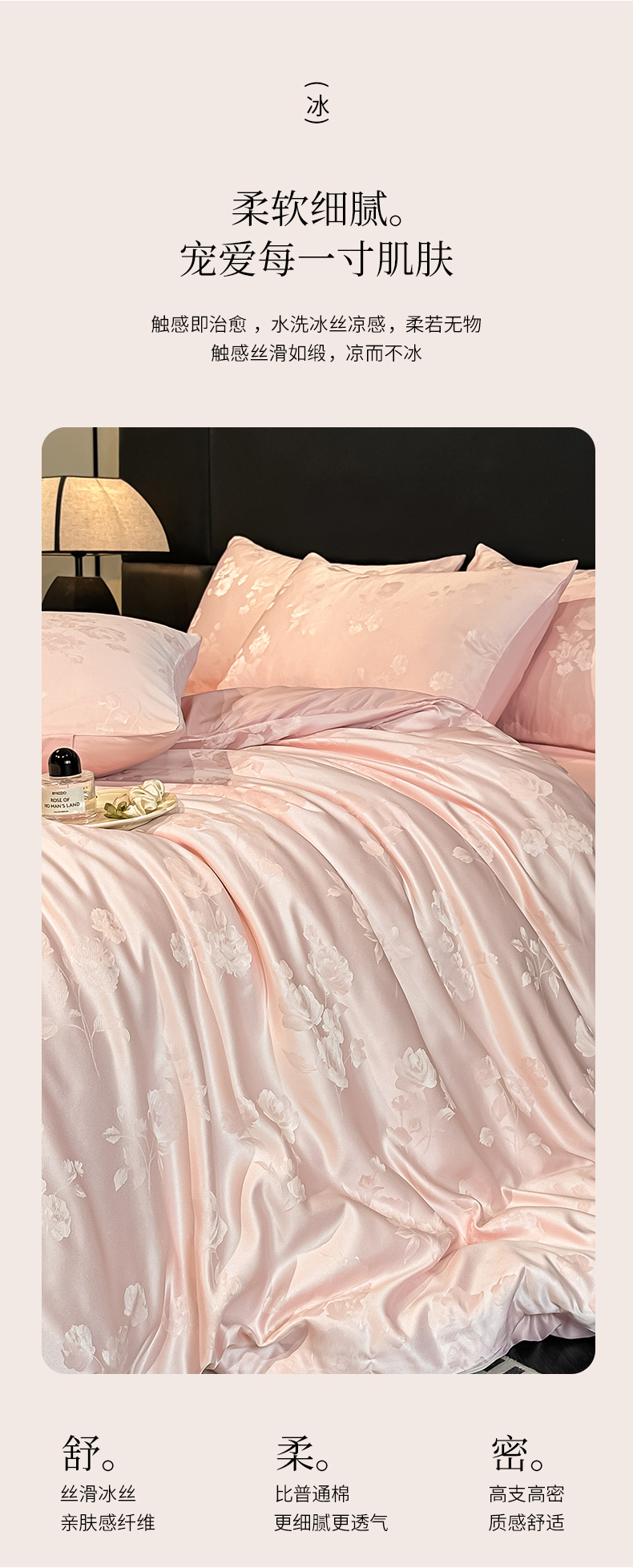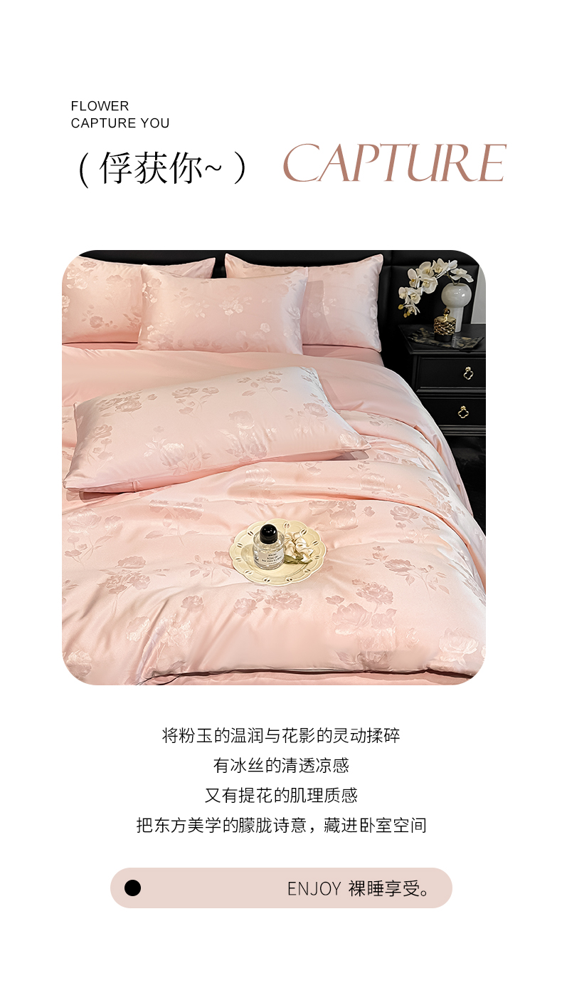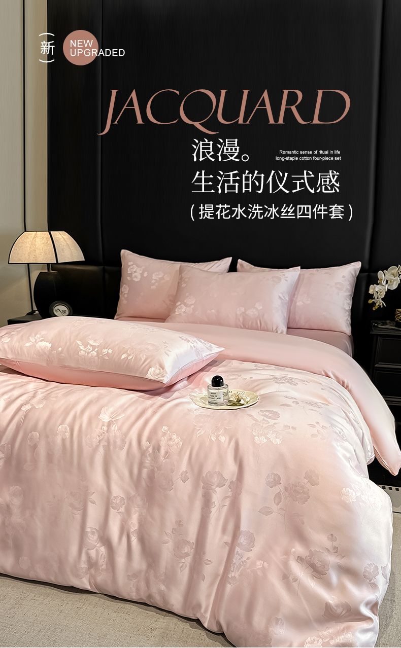 当前位置: 91家纺网 > 商品网购 > 床品套件 > 四件套 > 其它四件套 > 顺兴家居 2026新款提花水洗真丝四件套 喜花市-粉玉
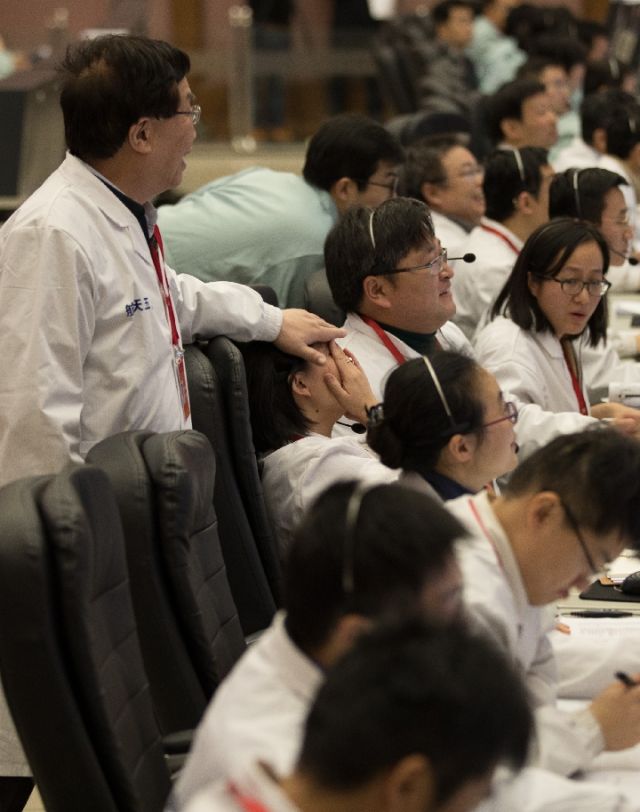 1月3日,在北京航天飞行控制中心,科研人员庆祝降落成功。新华社记者 金立旺 摄
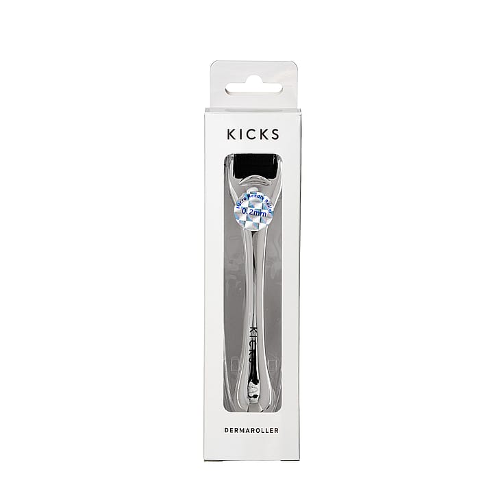 KICKS Derma Roller koostuu 540 mikroneulasta (0,2 mm), jotka tekevät ihoon hellävaraisesti satoja mikroskooppisen pieniä reikiä. Työkalu stimuloi ihoa ja tehostaa kollageenin tuotantoa. Käytön jälkeen iho tuntuu pehmeämmältä ja kiinteämmältä ja sen sävy on tasaisempi.
-*-*-
| WORK INSTRUCTIONS |
The answer must be an exact copy of the lines from the one that holds "1月3日,在北京航天飞行控制中心,科研人员庆祝降落成功。新华社记者 金立旺 摄" through the end of the data, both included, with no pictures.

| EXERCISE RESPONSE |
 1月3日,在北京航天飞行控制中心,科研人员庆祝降落成功。新华社记者 金立旺 摄
 KICKS Derma Roller koostuu 540 mikroneulasta (0,2 mm), jotka tekevät ihoon hellävaraisesti satoja mikroskooppisen pieniä reikiä. Työkalu stimuloi ihoa ja tehostaa kollageenin tuotantoa. Käytön jälkeen iho tuntuu pehmeämmältä ja kiinteämmältä ja sen sävy on tasaisempi.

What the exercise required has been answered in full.